Re: Perl and Solving Trig/Converting GPS to x,y Cords
by BrowserUk (Pope) on Jan 08, 2013 at 22:11 UTC

    I found this page useful.


    With the rise and rise of 'Social' network sites: 'Computers are making people easier to use everyday'
    Examine what is said, not who speaks -- Silence betokens consent -- Love the truth but pardon error.
    "Science is about questioning the status quo. Questioning authority".
    In the absence of evidence, opinion is indistinguishable from prejudice.
Re: Perl and Solving Trig/Converting GPS to x,y Cords
by davido (Archbishop) on Jan 09, 2013 at 07:50 UTC

    This problem is more complex than simple trigonometry. The earth is approximately round, but not precisely round, and that's one of the lesser (but more memorable for me) complexities involved. GPS systems have to choose a projection: WGS84, for example. And navigators of old spent a good deal of time learning the math behind great circles, and various chart projections. ...ok, maybe the rest is trigonometry, but not entirely simple.

    It's been eighteen years since I read it, and I've forgotten most of what I learned. But I highly recommend Dutton's Navigation and Piloting (or the more recent Dutton's Nautical Navigation). Pick up a used copy via Amazon or eBay.

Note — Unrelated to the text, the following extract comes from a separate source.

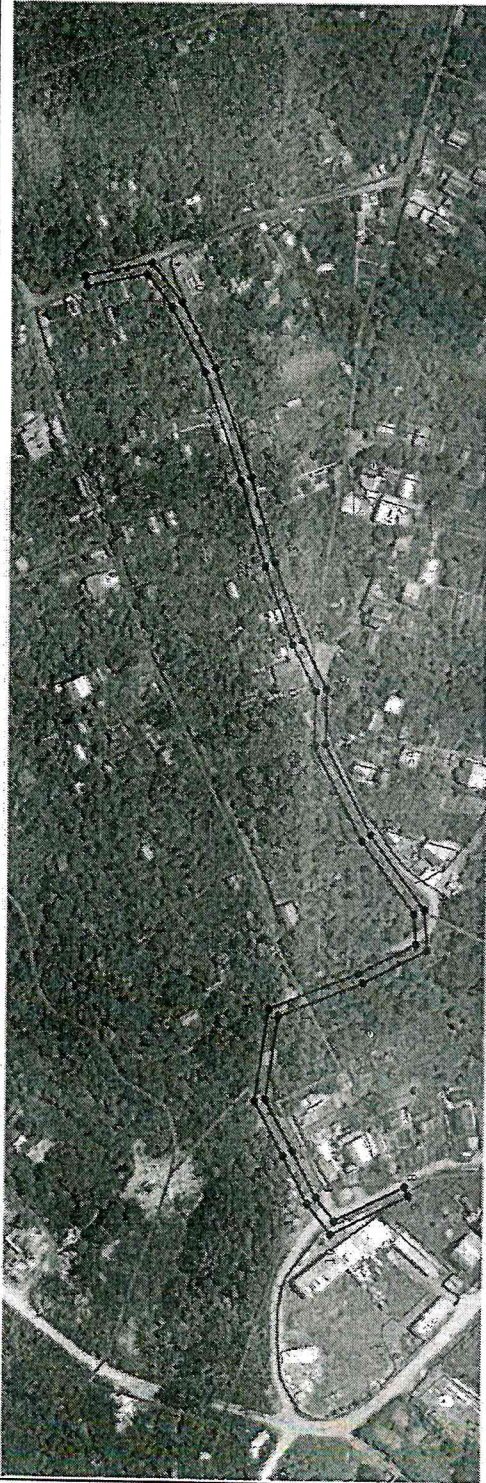
Раздел 4 План границ объекта

You're really just after the mathematical formulas and a good explanation of the theory, and for that an older version is probably just as good as a newer one. I think I have the 1961 edition handed down from a friend of my parents.

    From what I understand, at least at one time this one and Chapman's were among the books that the USCG used in training its sailors.


    Dave

Re: Perl and Solving Trig/Converting GPS to x,y Cords
by Pizentios (Scribe) on Jan 09, 2013 at 14:33 UTC

    Thanks for the replies. I should have specified the range of the 2d map is relativly small when compaired to the surface of the earth. The area that i will be working within is about 649,947 km^2. From the 49th parallel to the 60th parallel (all of the gps coordinates that i have worked with so far haven't been above the 54th parallel). The actual working area will likly be smaller (more like half or less) than those numbers, but the numbers above are for sure the max area that i will be working with.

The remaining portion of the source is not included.